Factors Affecting Solubility

  • Effect of Chemical Structure:

    • “Like dissolves like” principle:

    • Ionic and polar solutes dissolve in polar solvents.

    • Non-polar solutes dissolve in non-polar solvents.

    • Examples:

    • NaCl is soluble in water (polar) but not in CCl4 (non-polar).

    • CH4 is soluble in non-polar substances but not in water.

  • Effect of Pressure:

    • Pressure impacts gas solubility in liquids.

    • Henry’s Law states that gas solubility in a liquid increases with increasing pressure of the gas.

    • Example: Opening a soda can decreases pressure, resulting in bubbles as CO2 escapes.

  • Effect of Temperature:

    • Gas solubility decreases with increased temperature.

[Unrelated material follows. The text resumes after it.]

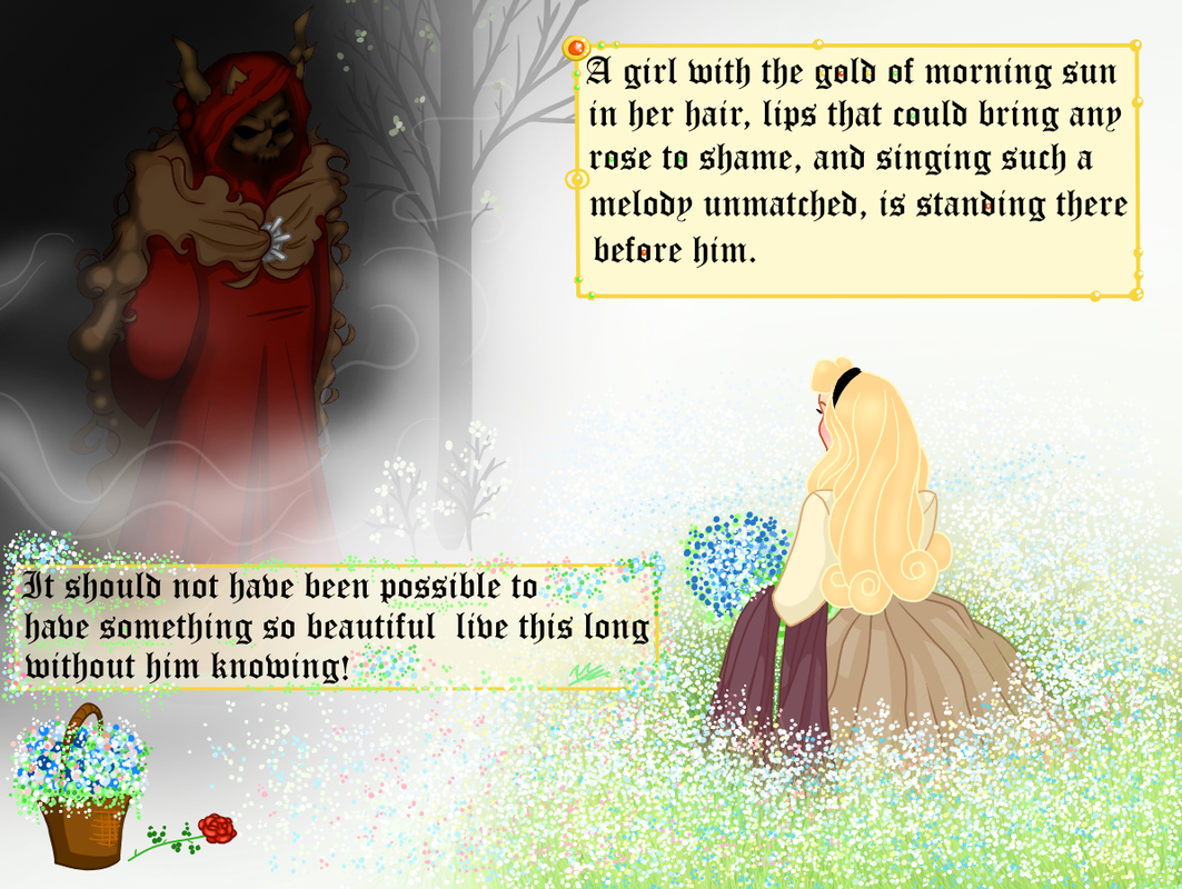His long fingers held up a rose, red like blood. She didn’t have much time to wonder where it had come from when it was offered for her to take. Rose took it slowly, mindful of the sharp thorns and brought it close to her face. It smelled sweet, like any rose would. The girl didn’t know it yet but as long as she was unharmed, it would stay alive, only growing more beautiful with time. The blonde smiled, shy but thankful. No one had ever given her such a gift. Her aunt Fauna would pick her forget-me-nots every year on her birthday, but that was it.

    • Solid solubility typically increases with temperature (with exceptions).

Concentration of Solutions

  • Concentration describes the amount of solute in a solution.

  • Molarity (M):

    • Defined as moles of solute per liter of solution.

    • Formula:

    • M = moles of solute / volume of solution in liters

    • Units are mol·L⁻¹ or M.

Practice: Molarity Calculation

  • Example 1: Molarity of HCl in 26.8 mL solution:

    • M = 4.28 x 10⁻² moles / (26.8 mL = 0.0268 L) = 1.60 M

  • Example 2: Molarity of KBr in 1.75 L solution:

    • KBr mass = 25.5 g; Moles of KBr = 25.5 g / 119.00 g/mol = 0.214 moles.

    • M = 0.214 moles / 1.75 L = 0.122 M

Preparing Solutions of Known Concentrations

  1. Combining a Weighed Solute with Solvent:

    • Example: Prepare 2.00 L of 1.50 M KBr.

    • Required mass = moles = M × V = 1.50 M × 2.00 L = 3.00 moles.

Mass = 3.00 mol × 119.00 g/mol = 357 g KBr

  1. Calculating Mass for Specific Volume:

  • Example: What mass of KBr (in grams) do you need to make 250.0 mL of a 1.50 M KBr solution?

  • Moles of KBr = M × V = 1.50 mol/L × 0.250 L = 0.375 mol KBr.

  • Mass of KBr = 0.375 mol × 119.00 g/mol = 44.6 g KBr.

  • Practice Exercise: What mass (in grams) of Mg(NO3)2 do you need to make 145 mL of a 1.50 M aqueous solution of Mg(NO3)2?

    • Required moles = 1.50 mol/L × 0.145 L = 0.2175 mol.

    • Molar mass of Mg(NO3)2 = 24.31 g/mol (Mg) + (2 × 14.01 g/mol (N)) + (6 × 16.00 g/mol (O)) = 148.31 g/mol.

    • Mass = 0.2175 mol × 148.31 g/mol = 32.2 g Mg(NO3)2

  1. Diluting a More Concentrated Solution:

    • Example: Dilute 2.00 M KBr to 0.100 M in 500 mL.

    • Moles required = 0.100 M × 0.500 L = 0.0500 mol.

    • Volume of concentrated solution = n / M = 0.0500 mol / 2.00 M = 25.0 mL

Practice Exercise

  • Dilution Problem: If you dilute 25.0 mL of 1.50 M HCl to 500.0 mL, find the final concentration.

    • Answer: 0.0750 M

To solve the last dilution problem, we used the dilution formula, which states that the product of the concentration and volume before dilution equals the product of the concentration and volume after dilution. The formula is:

C₁V₁ = C₂V₂

Where:

  • C₁ is the initial concentration (1.50 M),

  • V₁ is the initial volume (25.0 mL),

  • C₂ is the final concentration, and

  • V₂ is the final volume (500.0 mL).

Since we are trying to find the final concentration (C₂), we can rearrange the formula:

C₂ = (C₁V₁) / V₂

Plugging in the values:

C₂ = (1.50 M * 25.0 mL) / 500.0 mL = 0.0750 M

Thus, the final concentration after dilution is 0.0750 M.